» **What to produce**
The pictures are to be left out when the listing below is reproduced word for word.

» **Recorded data**
□ □ □ □

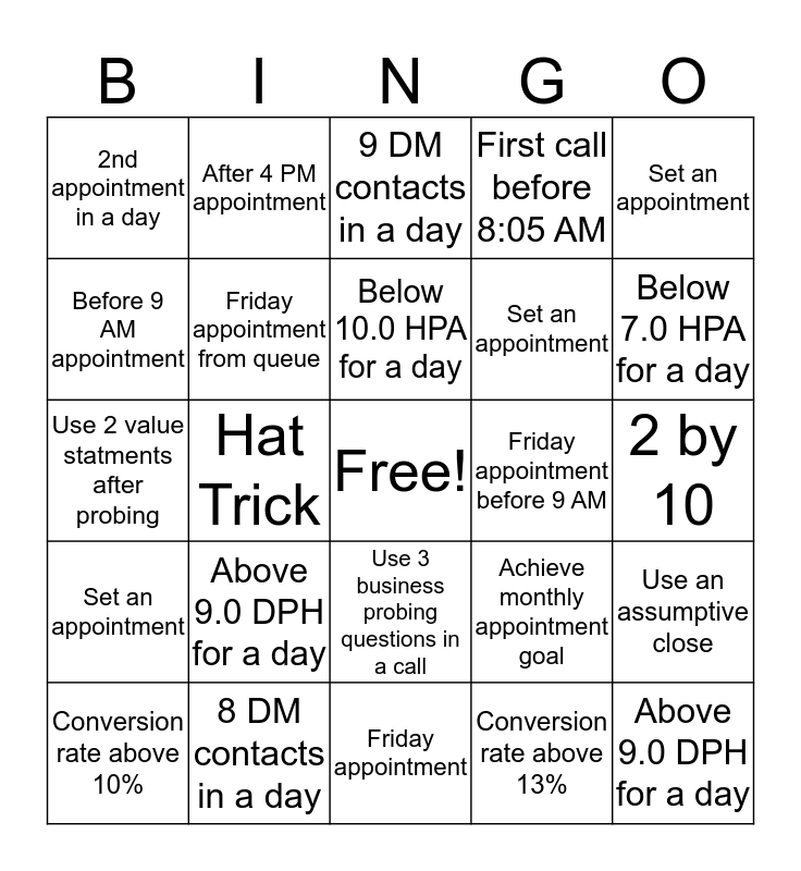 This bingo card has a free space and 24 words: Above 9.0 DPH for a day, 8 DM contacts in a day, Below 10.0 HPA for a day, Conversion rate above 10%, Set an appointment, 2nd appointment in a day, Before 9 AM appointment, After 4 PM appointment, Friday appointment before 9 AM, Use 3 business probing questions in a call, Set an appointment, Use 2 value statments after probing, Achieve monthly appointment goal, Use an assumptive close, Friday appointment from queue, Conversion rate above 13%, 2 by 10, 9 DM contacts in a day, Below 7.0 HPA for a day, Hat Trick, Above 9.0 DPH for a day, Set an appointment, First call before 8:05 AM and Friday appointment.
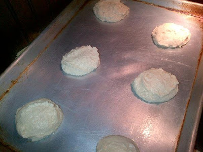 Bake for 20 minutes, until the edges/bottom just start to turn golden and the cookies spring back nicely without soft spots. Remove the cookies from the oven, let them cool on the baking sheet for a few minutes, then carefully remove them from the pan. Flip the cookies upside down onto the rounded side, place them on wire rack or foil to complete cooling. When they are completely cooled, you will be ready to frost them. Prepare you frosting before hand so everything is ready.
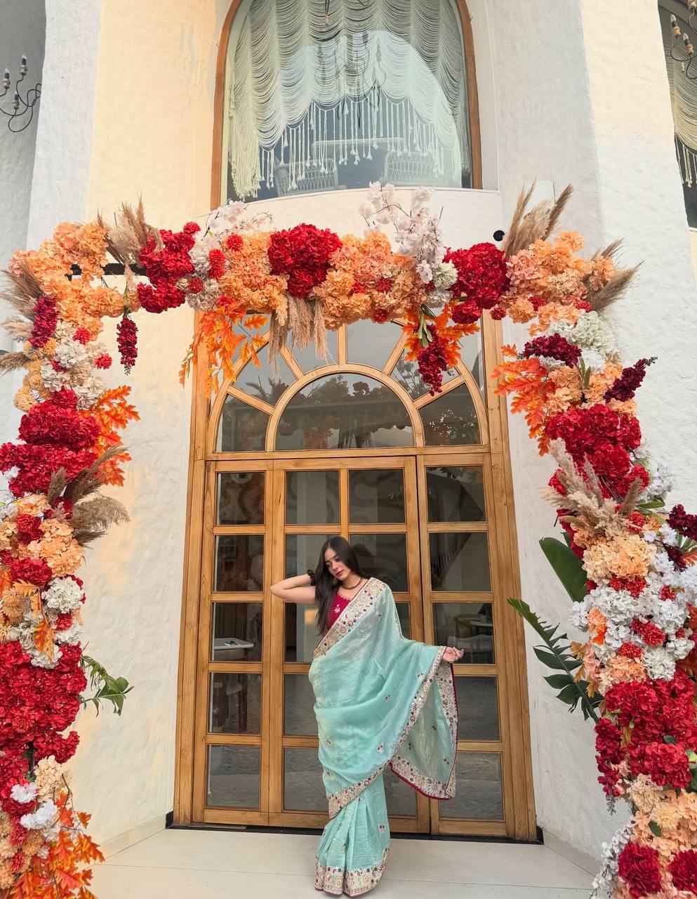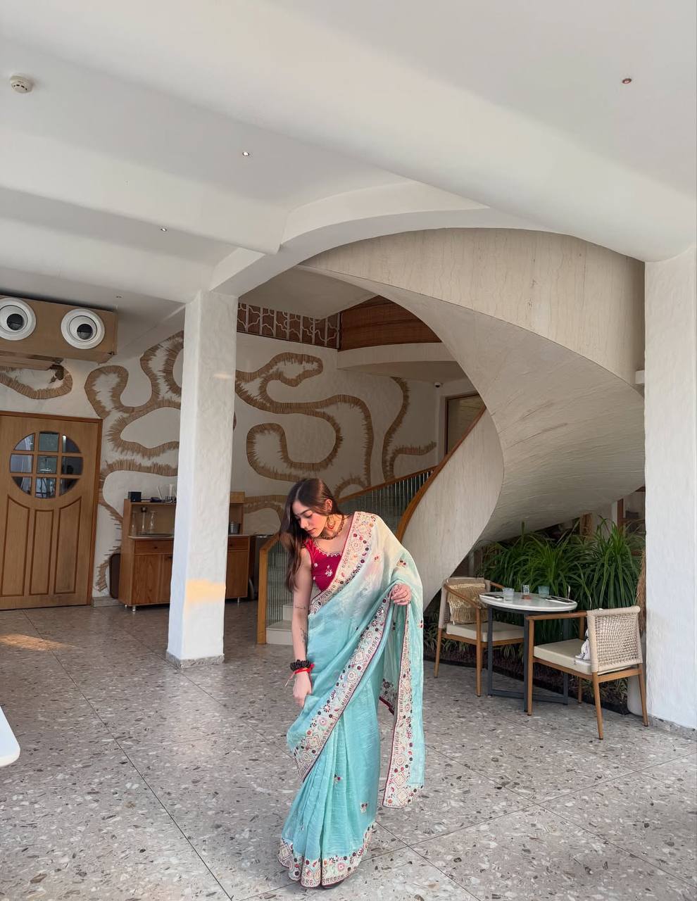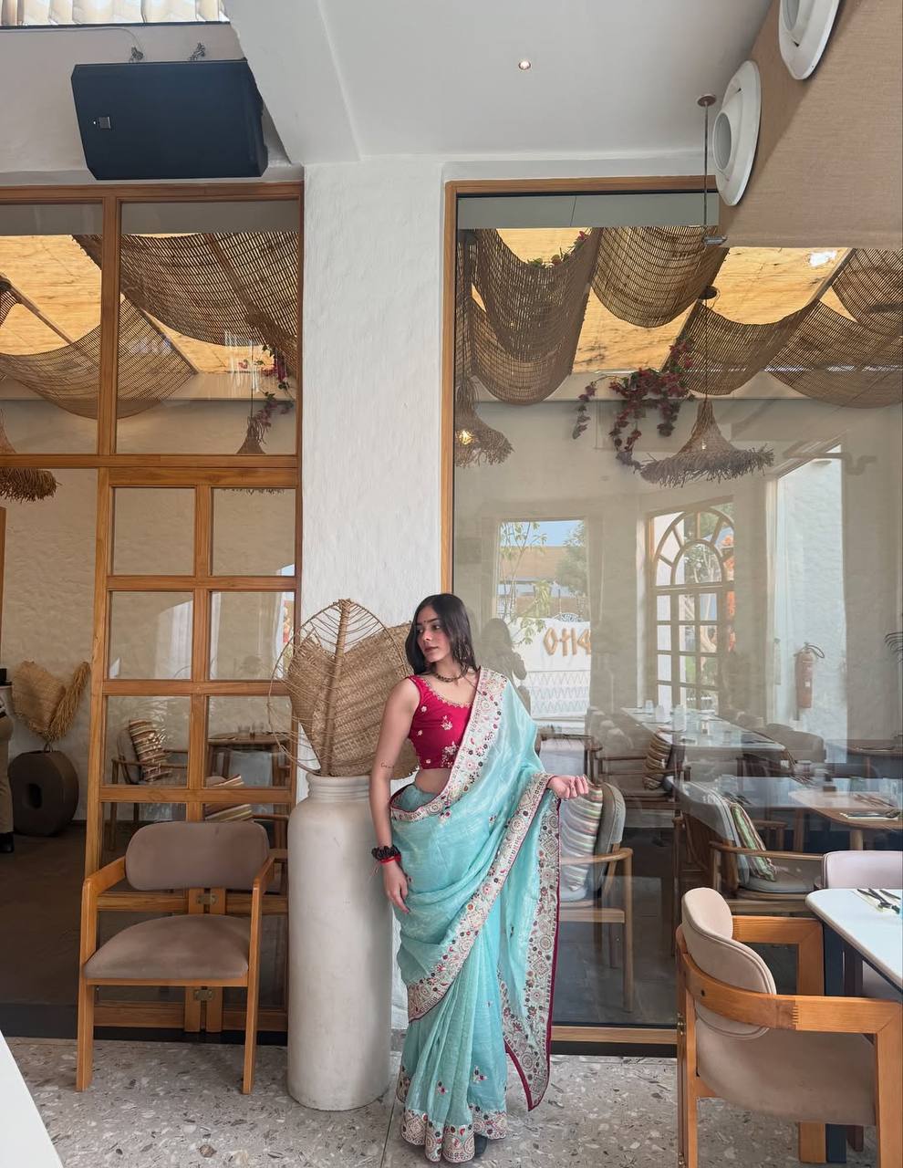 Style Tip: Pair with statement earrings and golden heels for a stunning ethnic look.

□ □ □ □

» **Exercise response**
 This bingo card has a free space and 24 words: Above 9.0 DPH for a day, 8 DM contacts in a day, Below 10.0 HPA for a day, Conversion rate above 10%, Set an appointment, 2nd appointment in a day, Before 9 AM appointment, After 4 PM appointment, Friday appointment before 9 AM, Use 3 business probing questions in a call, Set an appointment, Use 2 value statments after probing, Achieve monthly appointment goal, Use an assumptive close, Friday appointment from queue, Conversion rate above 13%, 2 by 10, 9 DM contacts in a day, Below 7.0 HPA for a day, Hat Trick, Above 9.0 DPH for a day, Set an appointment, First call before 8:05 AM and Friday appointment.
 Bake for 20 minutes, until the edges/bottom just start to turn golden and the cookies spring back nicely without soft spots. Remove the cookies from the oven, let them cool on the baking sheet for a few minutes, then carefully remove them from the pan. Flip the cookies upside down onto the rounded side, place them on wire rack or foil to complete cooling. When they are completely cooled, you will be ready to frost them. Prepare you frosting before hand so everything is ready.
 Style Tip: Pair with statement earrings and golden heels for a stunning ethnic look.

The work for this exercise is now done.